| Task instructions |
The task for the listing below is to write out exactly the lines starting at the one containing "DR NAOMI WOLF" and ending at the one containing "标记-整理 + 复制 |", both included. Pictures are to be omitted.

| Exercise material |

++++++++++

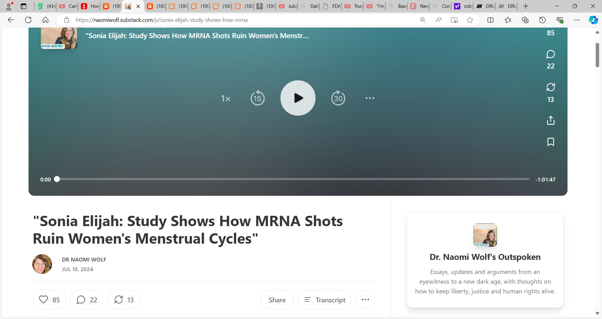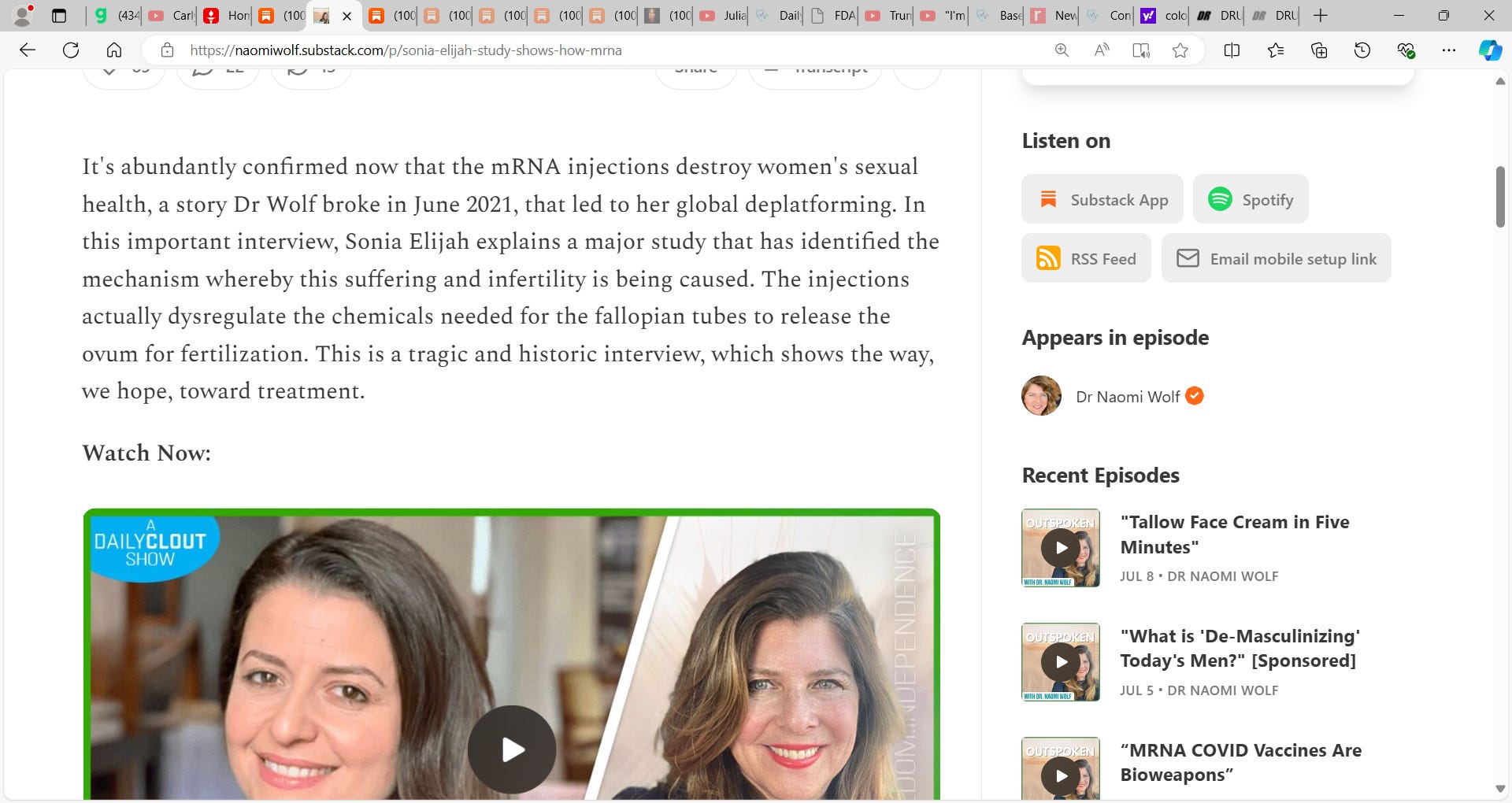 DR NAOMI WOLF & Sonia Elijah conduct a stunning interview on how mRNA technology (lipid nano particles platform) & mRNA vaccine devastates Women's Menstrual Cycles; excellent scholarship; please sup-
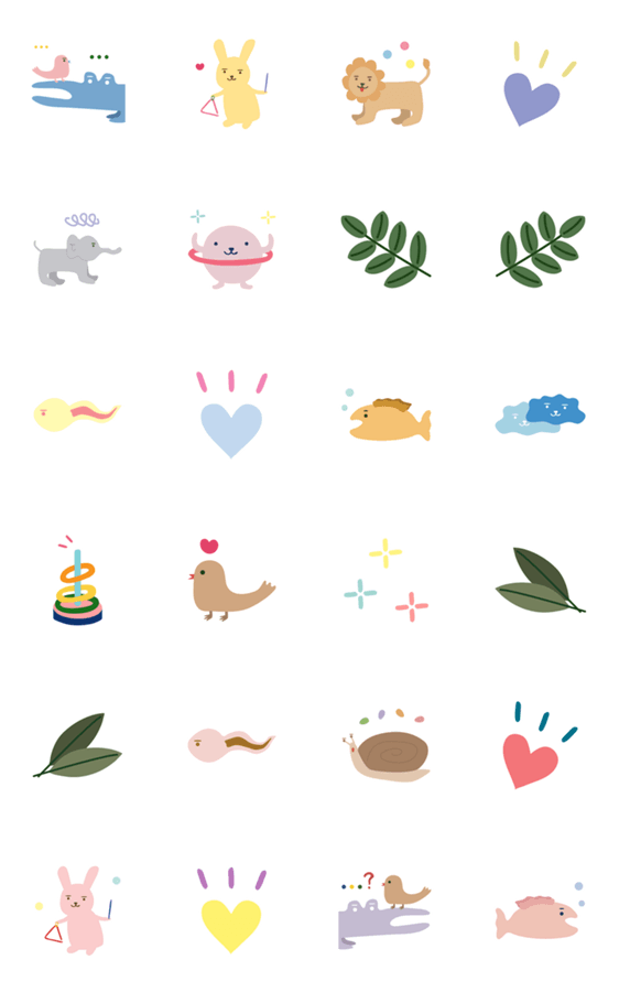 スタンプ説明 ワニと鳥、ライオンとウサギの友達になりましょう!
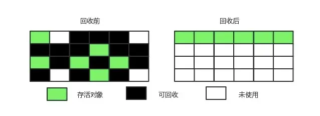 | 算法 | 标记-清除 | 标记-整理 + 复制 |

++++++++++

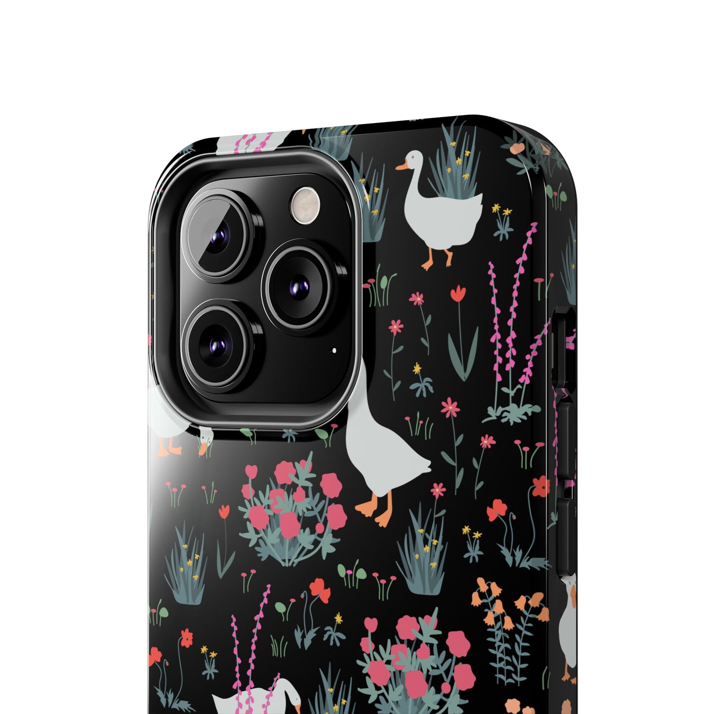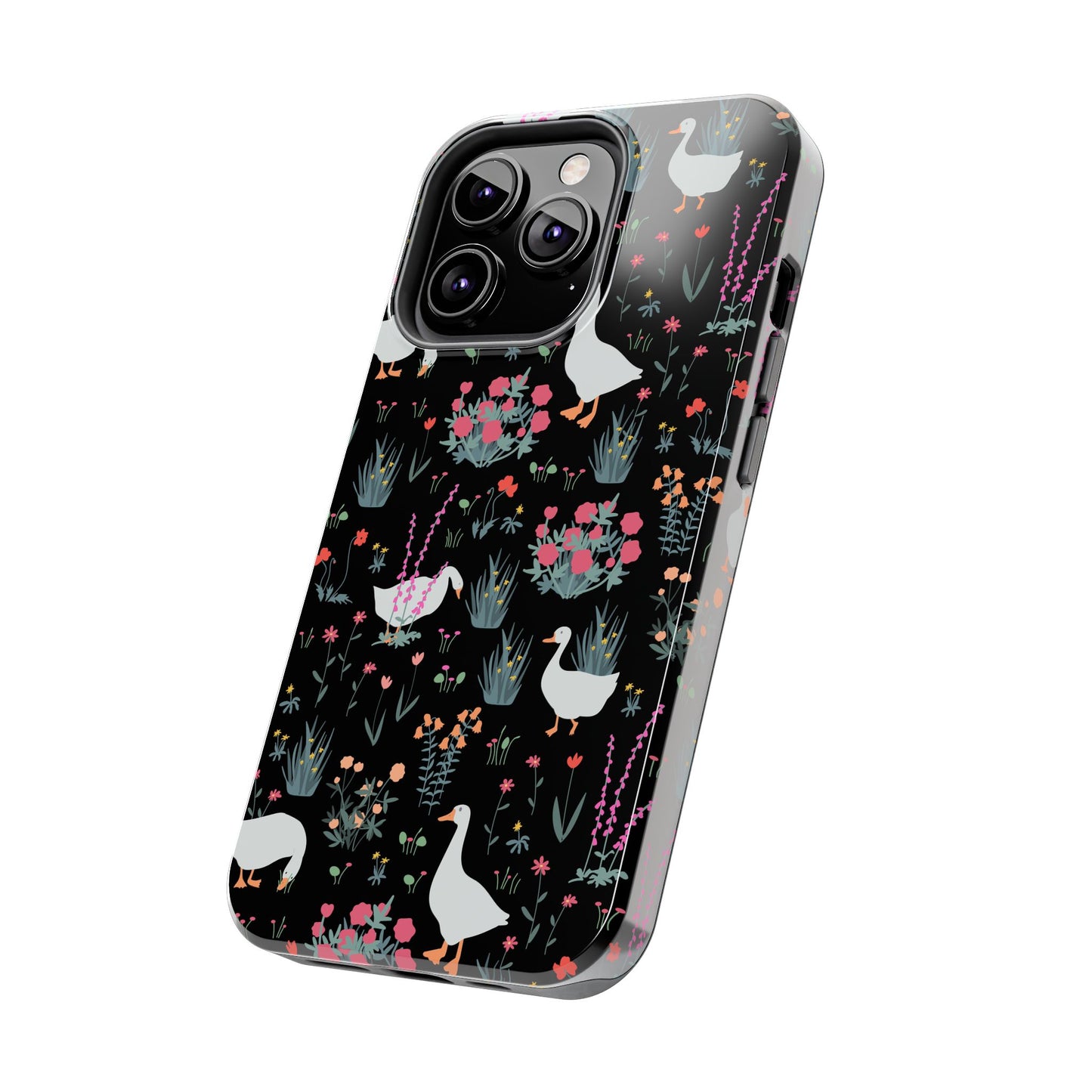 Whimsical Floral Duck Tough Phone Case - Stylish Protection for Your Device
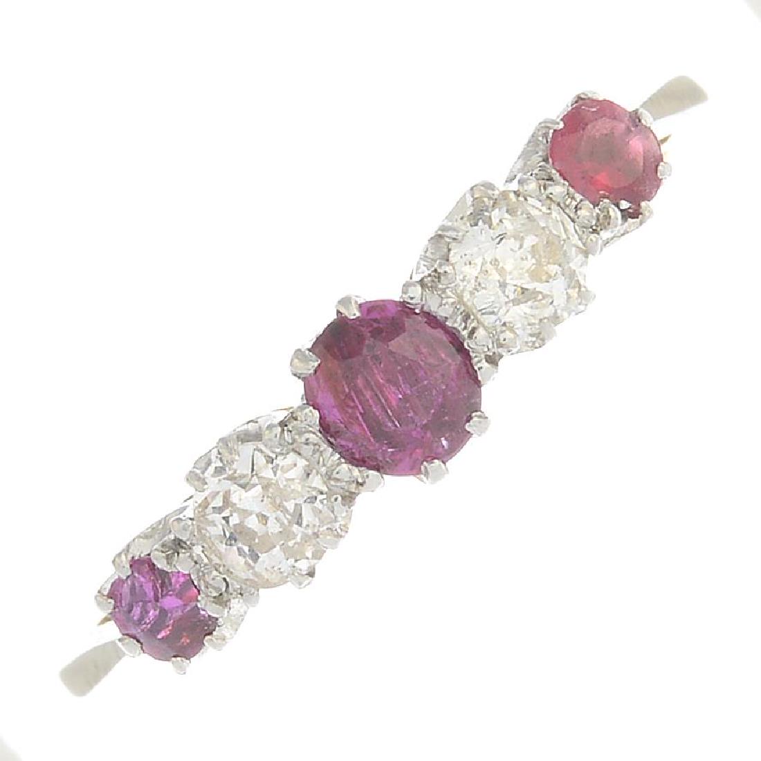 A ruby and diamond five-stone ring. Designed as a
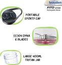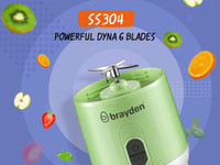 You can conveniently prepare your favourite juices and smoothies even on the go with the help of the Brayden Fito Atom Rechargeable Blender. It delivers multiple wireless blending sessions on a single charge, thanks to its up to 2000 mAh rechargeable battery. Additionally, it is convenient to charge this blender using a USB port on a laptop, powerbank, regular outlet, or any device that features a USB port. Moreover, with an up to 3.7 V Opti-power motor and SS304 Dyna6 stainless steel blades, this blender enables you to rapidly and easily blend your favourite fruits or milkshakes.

++++++++++

| The completed task |
 DR NAOMI WOLF & Sonia Elijah conduct a stunning interview on how mRNA technology (lipid nano particles platform) & mRNA vaccine devastates Women's Menstrual Cycles; excellent scholarship; please sup-
 スタンプ説明 ワニと鳥、ライオンとウサギの友達になりましょう!
 | 算法 | 标记-清除 | 标记-整理 + 复制 |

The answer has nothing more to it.